Another way to assess an assembly is via completeness, particularly with regard to expected gene content. If you have a reference genome that's been annotated with coding sequences, then you can use the tool asmgene to align multi-copy genes to your assembly and see if they remain multi-copy, or if the assembler has created a misassembly. asmgene works by aligning annotated transcripts to the reference genome, and record hits if the transcript is mapped at or over 99% identity over 99% or greater of the transcript length. If the transcript only has one hit, then it is single-copy (SC), otherwise it's multi-copy (MC). The same is then done for your assembly, and the fraction of missing multi-copy (%MMC) gene content is computed.

asmgene

A perfect assembly would have %MMC be zero, while a higher fraction indicates the assembly has collapsed some of these multi-copy genes. Additionally, you can look at the presence (or absence!) of expected single-copy genes in order to check gene completeness of the assembly.

The output will be a tab-delimed list of metrics and the value of that metric for the reference and for your given assembly. The line full_sgl gives the number of single-copy genes present in the reference and your assembly—if these numbers are off-balanced, then you might have false duplications, which are also pointed out on the full_dup line. For the multi-copy genes, you can look at dup_cnt to see the number of multi-copy genes in the reference and see how many of those genes are still multi-copy in your assembly. You can then use these values to calculate %MMC via the formula 1 - (dup_cnt asm / dup_cnt ref).

Let's try running asmgene on haplotype1 and haplotype2 from the pre-baked Verkko trio assemblies.

code

## asmgene
cd ~/obss_2023/genome_assembly/
mkdir -p ~/obss_2023/genome_assembly/assembly_qc/asmgene
cd assembly_qc/asmgene
# let's symlink some of the necessary files
OBSS_RESOURCES=/nesi/project/nesi02659/obss_2023/resources/genome_assembly
ln -s $OBSS_RESOURCES/chm13v2.0.fa .
ln -s $OBSS_RESOURCES/CHM13-T2T.cds.fasta .
ln -s $OBSS_RESOURCES/assembly.haplotype1.fasta .
ln -s $OBSS_RESOURCES/assembly.haplotype2.fasta .

Now that we have our files, we're ready to go. Make a script with the following content and run it in the directory with the appropriate files:

code

#!/bin/bash -e
#SBATCH --account       nesi02659
#SBATCH --job-name      asmgene
#SBATCH --cpus-per-task 32
#SBATCH --time          05:00:00
#SBATCH --mem           256G
#SBATCH --output        slurmlogs/%x.%j.log
#SBATCH --error         slurmlogs/%x.%j.err
#SBATCH --partition     milan

## load modules
module purge
module load minimap2/2.24-GCC-11.3.0

## run minimap2 on ref, hap1, and hap2
minimap2 -cxsplice:hq -t32 \
    chm13v2.0.fa CHM13-T2T.cds.fasta \
    > ref.cdna.paf
minimap2 -cxsplice:hq -t32 \
    assembly.haplotype1.fasta CHM13-T2T.cds.fasta \
    > asm.hap1.cdna.paf
minimap2 -cxsplice:hq -t32 \
    assembly.haplotype2.fasta CHM13-T2T.cds.fasta \
    > asm.hap2.cdna.paf

## run asmgene

k8 /opt/nesi/CS400_centos7_bdw/minimap2/2.24-GCC-11.3.0/bin/paftools.js asmgene -a ref.cdna.paf asm.hap1.cdna.paf > verkko.haplotype1.asmgene.tsv
k8 /opt/nesi/CS400_centos7_bdw/minimap2/2.24-GCC-11.3.0/bin/paftools.js asmgene -a ref.cdna.paf asm.hap2.cdna.paf > verkko.haplotype2.asmgene.tsv

Tip

Another popular tool for checking genome completeness using gene content is the software Benchmarking Universal Single-Copy Orthologs (BUSCO).
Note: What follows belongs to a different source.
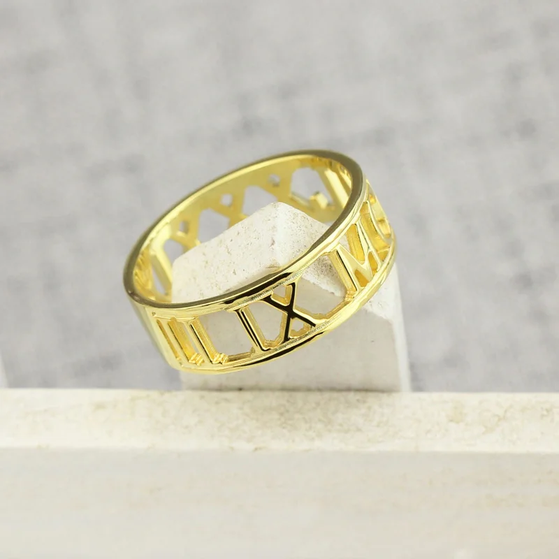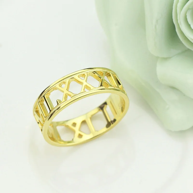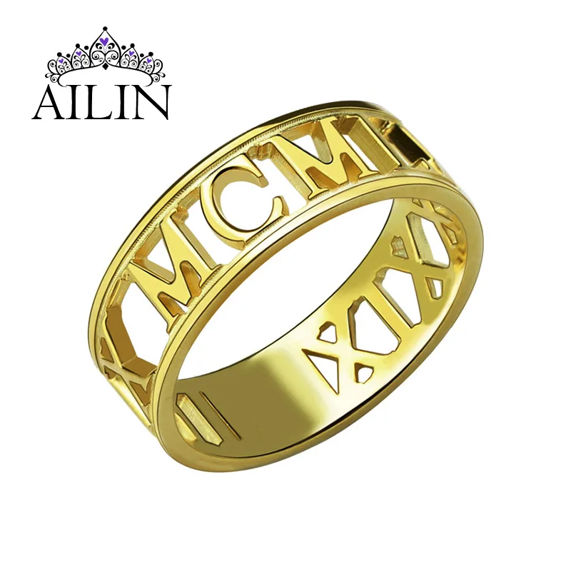 AILIN 18K позолоченные кольца из нержавеющей стали для женщин и мужчин, индивидуальное кольцо с римскими цифрами и датой, индивидуальный подарок, ювелирные изделия, Bague Homme

This approach uses a set of evolutionarily conserved genes that are expected to be present at single copy for a given taxa, so one could check their genome to see if, for instance, it has all the genes predicted to be necessary for Aves or Vertebrata. This approach is useful if your de novo genome assembly is for a species that does not have a reference genome yet. And it's even faster now with the recently developed tool minibusco!